Facebook has turned down requests for a full list of what accounts and pages it purged. An investigation by the Western Journal uncovered 165 of them with a combined following of 60 million users (the research methods used are flawed, yet the findings are still interesting). If the media monopoly would like to build trust then why not start here? Perhaps Facebook can clarify if the purge included, for example, voices critical of American foreign policy and what was the exact criteria for this ban if so? Furthermore, if the poisonous Alex Jones can be wiped out over on YouTube then why can’t Zuck do the same for him on Facebook, along with Tommy Robinson?

For a man who likes to refer to his invention as a global community, Zuck exhibits a contradictory record for centralisation. Worse still, he shows an alarming willingness to execute the interests of powerful Western states. In 2017, the Intercept reported that Facebook was working with the Israeli government to moderate content on Palestine. Likewise, in return for access to Turkey Facebook regularly polices pro-Kurdish content. In August this year, Facebook announced it had “removed Pages, groups and accounts that can be linked to sources the US government has previously identified as Russian military intelligence services.” And in May it confirmed a partnership with the hawkish Atlantic Council, a pro-NATO think tank whose establishment leading lights include American ex-military officers. Indeed, when Russian or Iranian agents seek to manufacture opinion in the West on Facebook it’s considered “interference”, but there’s not a word when Israel does the same. It appears, then, that liberal hysteria over fake news – composed of one part technophobia and another of the reaction to the shifting centre in Western politics – has handed regulation of the world’s biggest public sphere to the hegemonic interests of Western states. Facebook’s much needed rewiring has arrived via Silicon Valley’s back door.

What we’re beginning to witness is the growth of tech monopoly capitalism. Unlike its post-War predecessor, as Paul Mason makes clear, the life blood of this monopolistic order is not labour, but data. In our data driven future, those who shape the algorithms have the power to influence everything from our diet of news to our access to credit. In fact, states could use an algorithm to determine whether you committed a crime;, something which has already happened, and which turned out to be racist.

The problems with centralised and market-based use of big data are not only directly negative. They also obstruct the possibilities for a more enlightened use of tech. Rather than turning media populations into cranky online addicts or engineering biometric shopping trollies, big data can be better used to find a cure for cancer or advance AI. This reminds us that socialism is not only the critique of the present state of things but the ideal of a society that is altogether more profound, indeed a society that can realise the liberating potential of technology.

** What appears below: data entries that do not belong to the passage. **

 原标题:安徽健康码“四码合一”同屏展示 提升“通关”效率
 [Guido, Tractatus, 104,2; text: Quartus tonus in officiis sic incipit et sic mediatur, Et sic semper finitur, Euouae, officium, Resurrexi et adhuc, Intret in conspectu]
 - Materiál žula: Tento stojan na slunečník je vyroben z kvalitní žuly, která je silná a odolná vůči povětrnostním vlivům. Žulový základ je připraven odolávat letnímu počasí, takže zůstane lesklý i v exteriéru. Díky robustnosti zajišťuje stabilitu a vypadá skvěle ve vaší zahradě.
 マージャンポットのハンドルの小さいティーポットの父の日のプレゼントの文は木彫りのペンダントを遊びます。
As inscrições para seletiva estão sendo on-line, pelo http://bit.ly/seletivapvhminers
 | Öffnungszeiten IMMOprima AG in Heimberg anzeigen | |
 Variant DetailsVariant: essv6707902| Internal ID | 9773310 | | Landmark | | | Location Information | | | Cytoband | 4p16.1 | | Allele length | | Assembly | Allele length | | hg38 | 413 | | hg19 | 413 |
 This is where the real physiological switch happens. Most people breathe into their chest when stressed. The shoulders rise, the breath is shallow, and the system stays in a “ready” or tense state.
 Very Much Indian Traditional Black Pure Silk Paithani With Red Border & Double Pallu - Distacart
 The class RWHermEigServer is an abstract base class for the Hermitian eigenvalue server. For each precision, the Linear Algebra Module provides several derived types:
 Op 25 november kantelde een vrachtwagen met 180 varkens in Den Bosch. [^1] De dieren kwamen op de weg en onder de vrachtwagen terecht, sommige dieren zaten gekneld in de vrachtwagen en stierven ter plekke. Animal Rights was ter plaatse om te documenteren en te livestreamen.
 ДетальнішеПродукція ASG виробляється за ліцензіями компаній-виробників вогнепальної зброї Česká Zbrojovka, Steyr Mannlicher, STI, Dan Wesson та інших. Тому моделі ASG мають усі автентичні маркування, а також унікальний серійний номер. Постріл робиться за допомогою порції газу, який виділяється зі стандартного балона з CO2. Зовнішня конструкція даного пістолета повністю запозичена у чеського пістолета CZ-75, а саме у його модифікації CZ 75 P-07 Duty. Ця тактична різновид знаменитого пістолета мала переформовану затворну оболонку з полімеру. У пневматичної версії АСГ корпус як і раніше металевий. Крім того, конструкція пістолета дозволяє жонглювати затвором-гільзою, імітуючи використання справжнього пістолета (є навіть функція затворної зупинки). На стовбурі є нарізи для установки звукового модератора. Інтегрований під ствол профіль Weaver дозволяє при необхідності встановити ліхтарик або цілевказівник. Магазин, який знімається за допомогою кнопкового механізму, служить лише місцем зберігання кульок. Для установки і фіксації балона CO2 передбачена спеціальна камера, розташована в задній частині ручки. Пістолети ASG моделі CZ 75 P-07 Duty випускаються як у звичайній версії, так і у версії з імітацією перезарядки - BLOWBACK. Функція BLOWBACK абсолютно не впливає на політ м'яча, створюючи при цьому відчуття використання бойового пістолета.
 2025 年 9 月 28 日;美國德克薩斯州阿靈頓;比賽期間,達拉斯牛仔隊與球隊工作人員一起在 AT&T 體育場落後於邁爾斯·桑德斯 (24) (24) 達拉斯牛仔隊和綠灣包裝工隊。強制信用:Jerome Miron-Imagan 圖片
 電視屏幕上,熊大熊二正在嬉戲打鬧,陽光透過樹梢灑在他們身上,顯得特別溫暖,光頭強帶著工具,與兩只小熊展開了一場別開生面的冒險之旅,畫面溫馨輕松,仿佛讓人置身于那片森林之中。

As for Facebook, its mask is slipping. Less able to refer to itself in the ideological terms of a neutral tech platform, recent decisions to remove content or tweak its algorithms (that is, in the language of traditional media, its editorial policy) has burst the bubble that has hidden the fact that Facebook is a publisher. More than this, the media monopoly is increasingly revealing the interweaving of its business interests with that of powerful Western states. Not only has public oversight provided the technology that makes a smart phone smart, but more than ever the content decisions effecting the world’s biggest public sphere are being shaped directly by the state. The task for us, therefore, is to democratise it.